There is no recorded description of Frank’s bathers when he caused offence at South Melbourne beach on that December day in 1928; were they of the neck-to-knee variety or had Frank thrown caution to the winds and progressed to simply shorts? Whichever, they would certainly have borne little resemblance to the budgie smugglers of modern times.
Frank Gledhill never married. After his widowed mother died in 1946 he and his brother went to live in her house in Inkerman Street, Caulfield. Frank died on 23 June 1953, aged 62 years, and is buried in the Victorian Garden of Remembrance at Springvale. Although he had requested that his role at The Front should be ‘Gunner’ as opposed to ‘Driver’, the army had difficulty coming to terms with this change and most of his subsequent correspondence with the AIF was addressed to ‘Driver Gledhill’. Even on the plaque in the Garden of Remembrance he is ‘Driver F. B. W. Gledhill.’

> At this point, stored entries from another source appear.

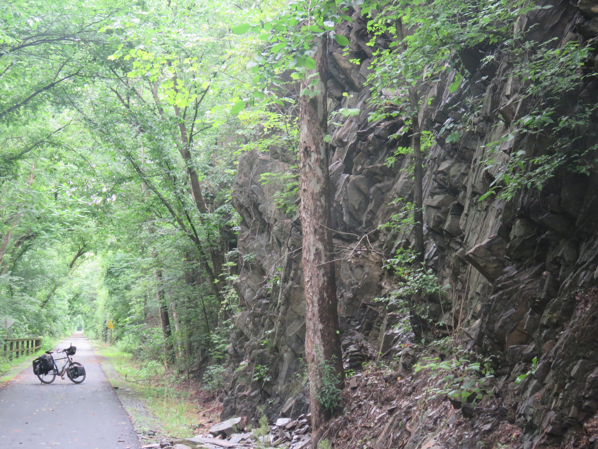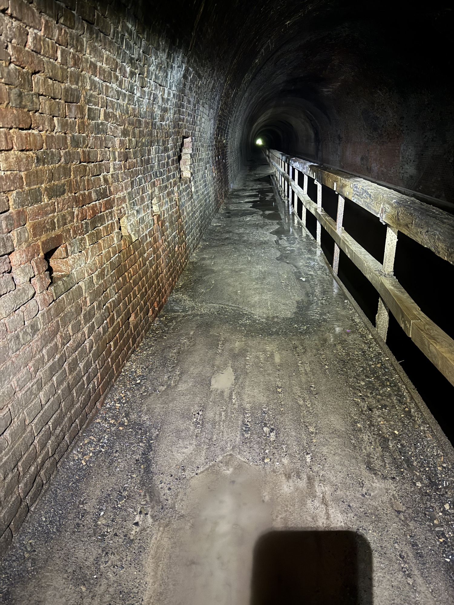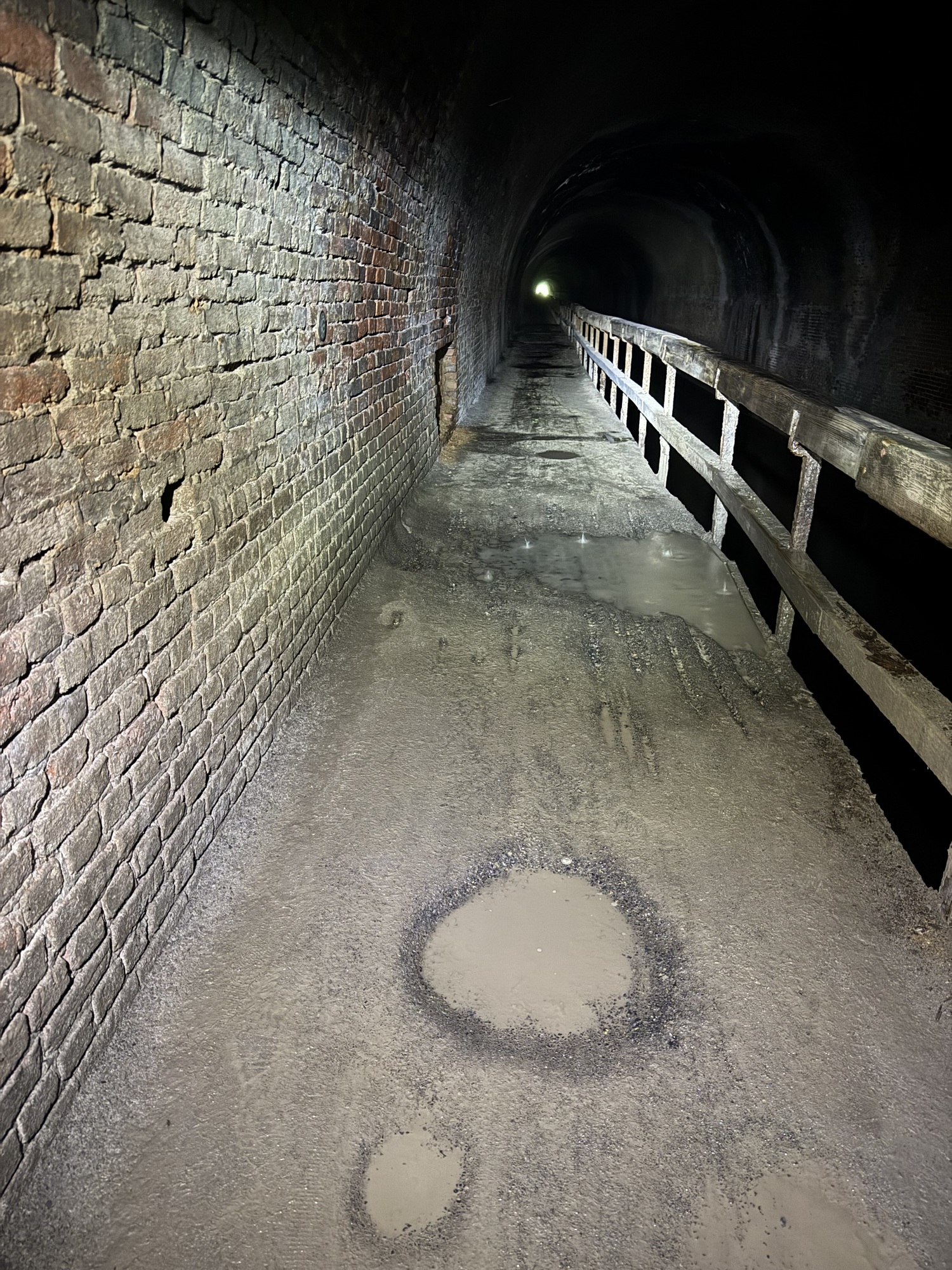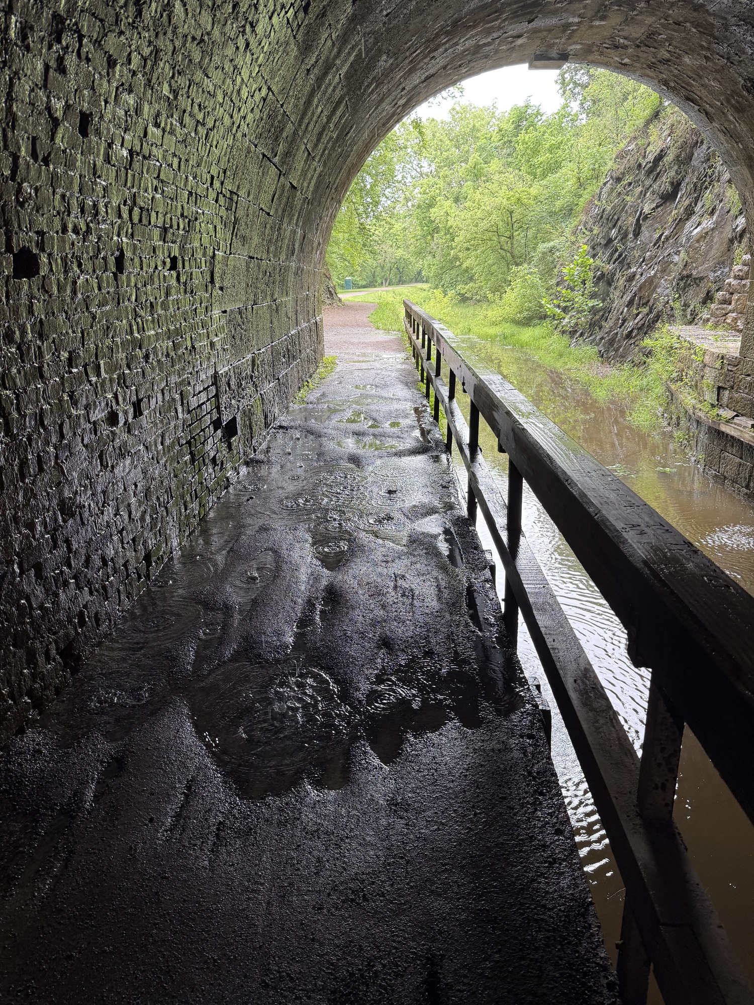 There's no way I could safely pedal through the Paw Paw tunnel. The floor was not only uneven, but pocked and slippery. If my handlebars bump the wall, down I go. If my handlebars bump the wooden rail, down I go. On the right side of the railing is a short fall to some water the color of shiny tar. I used my bike like a scooter, standing on the right pedal and pushing myself along with my left leg.
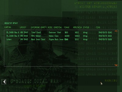 Potem zostałem już do końca gry pod woda, aż eskortowce odpłynęły.
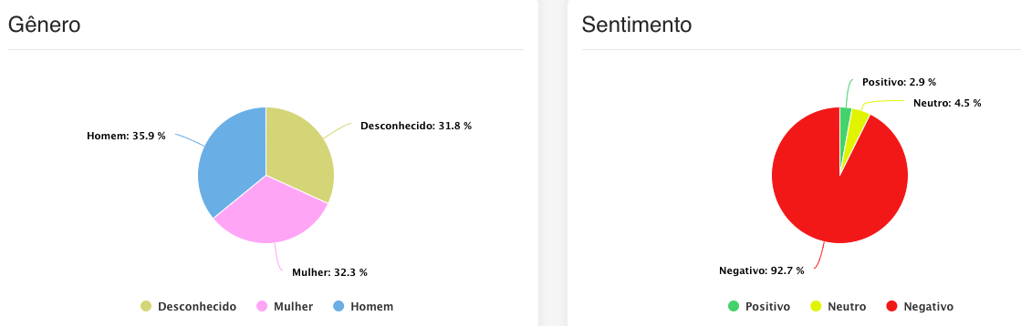 A grande maioria dos posts sobre o desastre ambiental tiveram sentimento negativo (92,7%). Além disso, a divisão por gênero ficou equilibrada, com 32,3% dos posts feitos por mulheres e 35,9% feitos por homens:
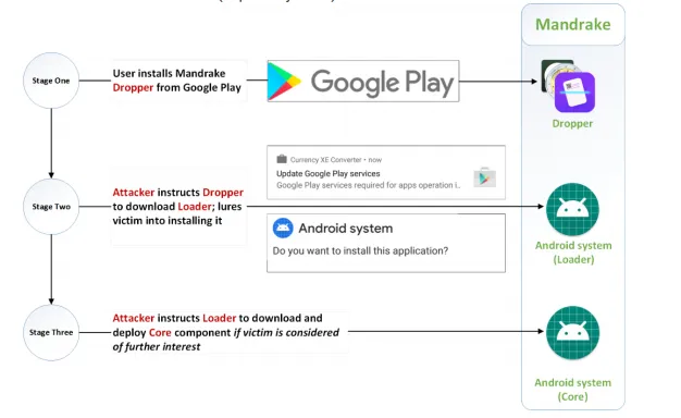 spyware),自2016年起就一直潜伏在安卓后台,这个间谍软件为Mandrake,它能“完全控制手机设备”,窃取信息和加密货币,侵入银行帐户,甚至通过恢复出厂设置来掩盖其踪迹。
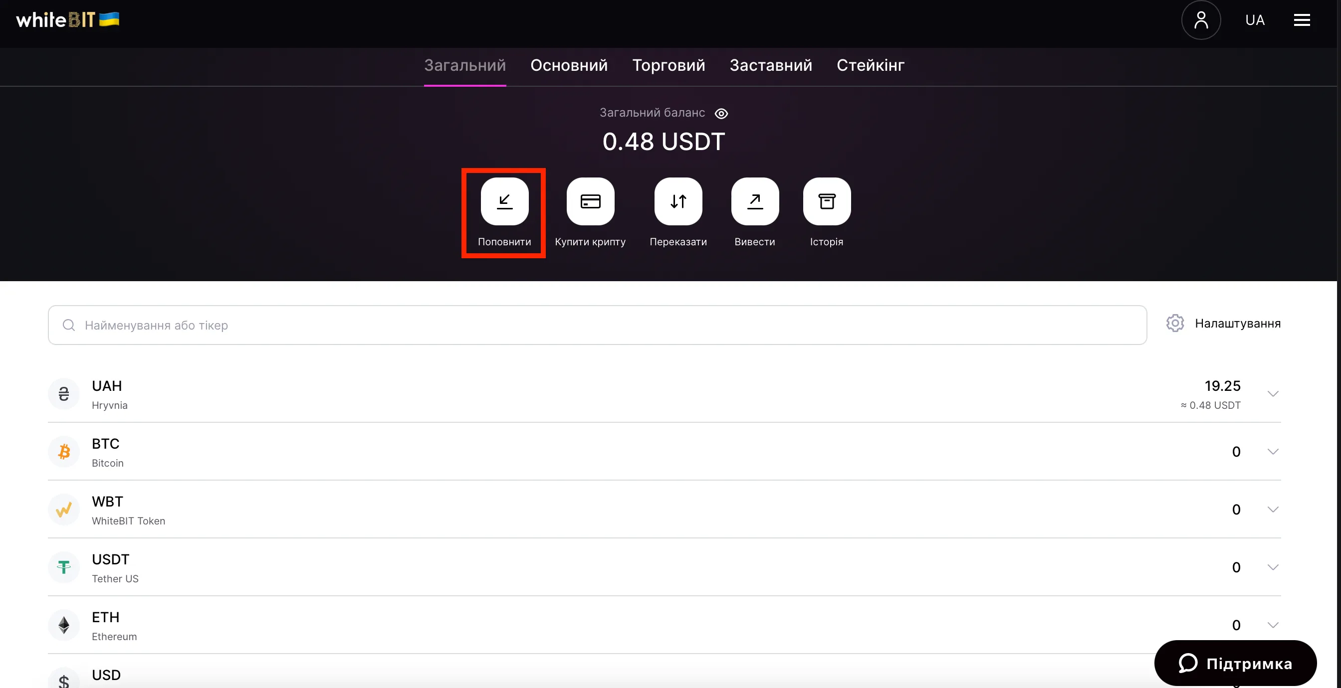 6. Протягом декількох хвилин після підтвердження кошти надійдуть на ваш рахунок WhiteBit.
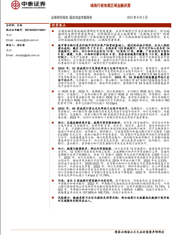 【中泰证券】【20230802】固定收益专题报告:城商行视角看区域金融资源-22页
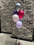 Helium Balloon Bouquet, includes 6 x 30cm balloons with Hi-Float on a Balloon weight coloured to match your balloons. These balloons will last for 2-3 days.

The debris lined road through Chateau Wood to Westhoek Ridge, in the Ypres sector. An unidentified soldier runs across the road between two abandoned limbers and piles of wood (AWM E01233)
Passchendaele
The Battle of Passchendaele has shaped perceptions of the Western Front. Fought between July and November 1917, both sides suffered heavy casualties and endured appalling conditions. ‘Passchendaele’ became synonymous with mud, blood and futility.
In 1917 General Haig planned a major offensive, hoping for a war-winning breakthrough. He planned to capture the high ground around Ypres, as well as a key rail junction to the east, and then advance on the German occupied ports on the Belgian coast which were critical to Germany’s U-boat campaign.
Conditions were horrific as the region was largely made up of low, flat ground that was kept dry only with the help of an intricate series of dykes and ditches. After three years of heavy fighting these drainage systems were totally destroyed and the ground, churned up by millions of artillery shells, was reduced to sticky mud.
The battle failed to achieve Haig’s objectives; it lasted for nearly five months and in that time the Allies advanced about five miles (8km) for the loss of over 250,000 soldiers killed, wounded or missing. This included 38,000 members of the AIF, two of whom (Captain Clarence Jefferies and Sergeant Lewis McGee) were posthumously awarded the Victoria Cross for gallantry. German casualties were estimated at 220,000 making this one of the war’s most costly battles of attrition.
Footnote:
This story is an expanded version of one written by Val Latimer which appeared in the February 2025 edition of ‘Peninsula Past Times’ , the journal of the Mornington Peninsula Family History Society. Thanks to Kevin Hillier (President of Frankston RSL) and Peter Beckett for their assistance.